Alelyukhin was promoted to captain on 22 March 1943. In June, he was lightly wounded by shrapnel in the head. He was awarded the Order of Alexander Nevsky on 14 July. During August 1943, the regiment received American Bell P-39 Airacobras, on which Alelyukhin would claim at least seventeen victories. During August and September he fought in the Donbass Strategic Offensive. He was awarded his second Order of the Red Banner on 1 August. On 24 August, Alelyukhin was awarded the title Hero of the Soviet Union and the Order of Lenin for making 265 sorties and shooting down 11 enemy aircraft in 65 air battles. In September and October, he fought in the Battle of the Dnieper. He was awarded the Order of Suvorov 3rd class on 8 October.
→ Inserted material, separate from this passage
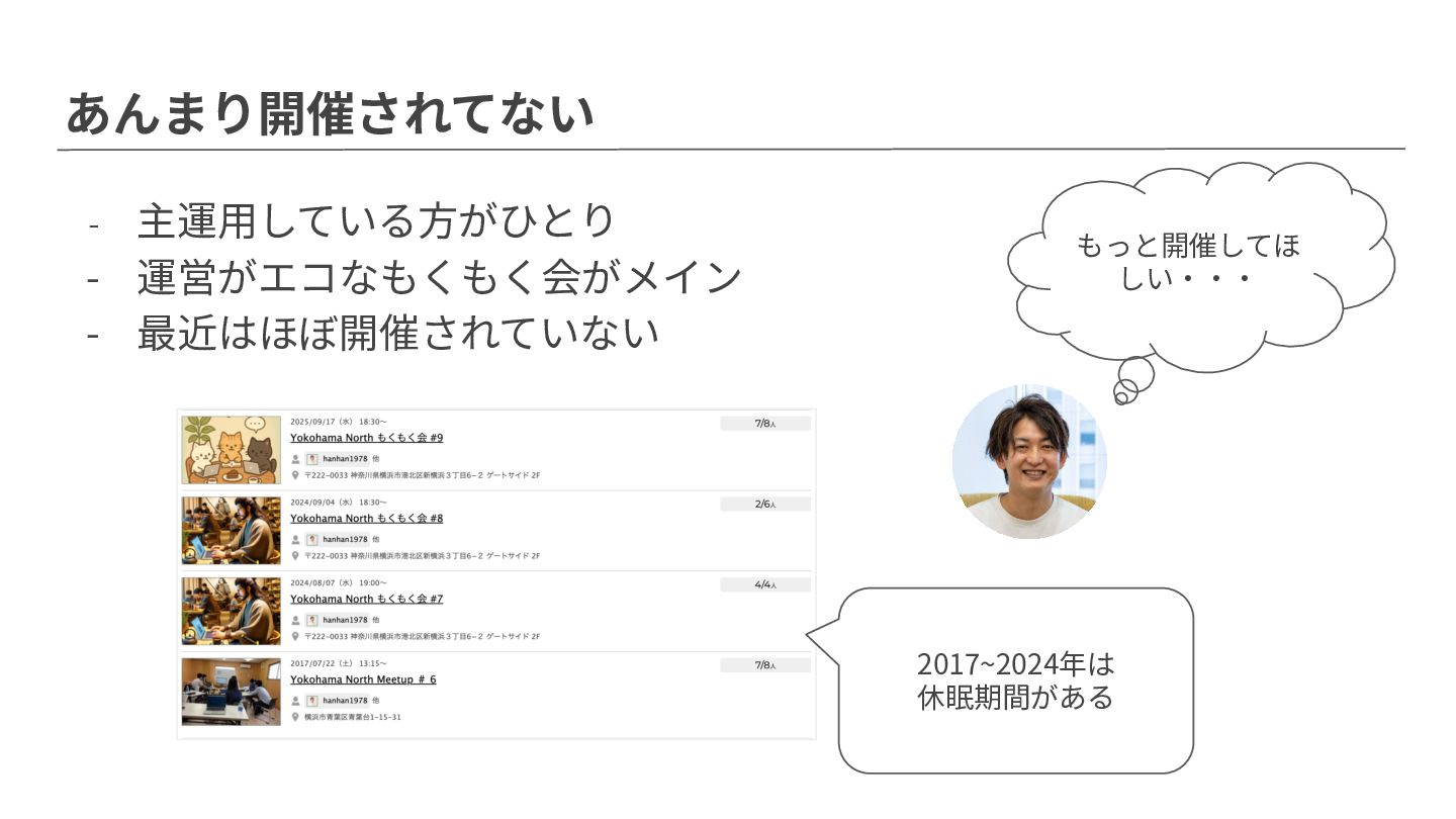 あんまり開催されてない - 主運⽤している⽅がひとり - 運営がエコなもくもく会がメイン - 最近はほぼ開催されていない 2017~2024年は 休眠期間がある もっと開催してほ

On 1 November, he was awarded the title Hero of the Soviet Union again for making 410 sorties, fighting in 114 air battles and shooting down 26 enemy aircraft.

On 25 March 1944, he was promoted to major. From April to May 1944, Alelyukhin fought in the Crimean Offensive. On 5 May, he shot down an Fw 190 over Crimea, but his aircraft was damaged and Alelyukhin was forced to bail out. He landed between the lines and was rescued by advancing Soviet troops. After the end of the Crimean Offensive, the regiment transferred to Chkalovsky Airport for retraining on the Lavochkin La-7. In July, Alelyukhin became the deputy regimental commander. The regiment returned to the front in October and Alelyukhin fought in the Gumbinnen Operation soon after.

In January 1945, Alelyukhin fought in the Battle of Königsberg. On 27 March, he claimed two Fw 190s over the Baltic west of Pillau. After the fall of Königsberg and the subsequent Samland Offensive in April, the regiment was transferred to fight in the Battle of Berlin. On 19 April, he shot down an Fw 190 over Berlin. Alelyukhin was awarded the Order of the Red Banner a third time on 20 April. According to George Mellinger, Alelyukhin had shot down 40 enemy aircraft and claimed 17 shared victories by the end of the war. He had also made 601 sorties. This would make him the highest scoring pilot of the 9th Guards Fighter Aviation Regiment and the 15th highest scoring Soviet flying ace of the war. However, Mikhail Bykov cites proof for a lower figure of 28 victories.

== Postwar ==
On 13 April 1948, Alelyukhin was promoted to lieutenant colonel. In November 1948, he graduated from Frunze Military Academy. In March 1950, he became the deputy commander of the 151st Guards Fighter Aviation Division. In July, Alelyukhin was sent with the division to China, where it became part of the 64th Fighter Aviation Corps and fought in the Korean War. On 20 October 1950, he was promoted to colonel. In November, he became commander of the 28th Fighter Aviation Division, part of the same corps. In December 1951, the division rotated out of China and moved to the Baku Air Defence District. In March 1952, he became head of the department of department of flight services for the Chief of Staff of the Soviet Air Force, a position which he held until November. Alelyukhin graduated from the Military Academy of the General Staff in 1954.

He then became deputy head of the Department of Fighter Aircraft and Air Defence Tactics at the Air Force Academy. In 1956, he became deputy head of the Department of Combat Training Methods at the academy. In 1961, Alelyukhin became chief of staff of the 95th Fighter Aviation Division and Shchuchyn. He transferred to become chief of staff for intelligence of Moscow Military District Aviation in 1963. Between 1970 and 1974, he was the deputy chief of staff for the 26th Air Army at Minsk. On 8 November 1971, he was promoted to major general. From 1974, he was deputy chief of staff of Moscow Military District on display aircraft. Between 1980 and 1985, Alelyukhin served as the deputy chief of staff of the Moscow Military District aviation. He retired in August 1985 and lived in Moscow. Alelyukhin died on 29 October 1990 and was buried in Novodevichy Cemetery.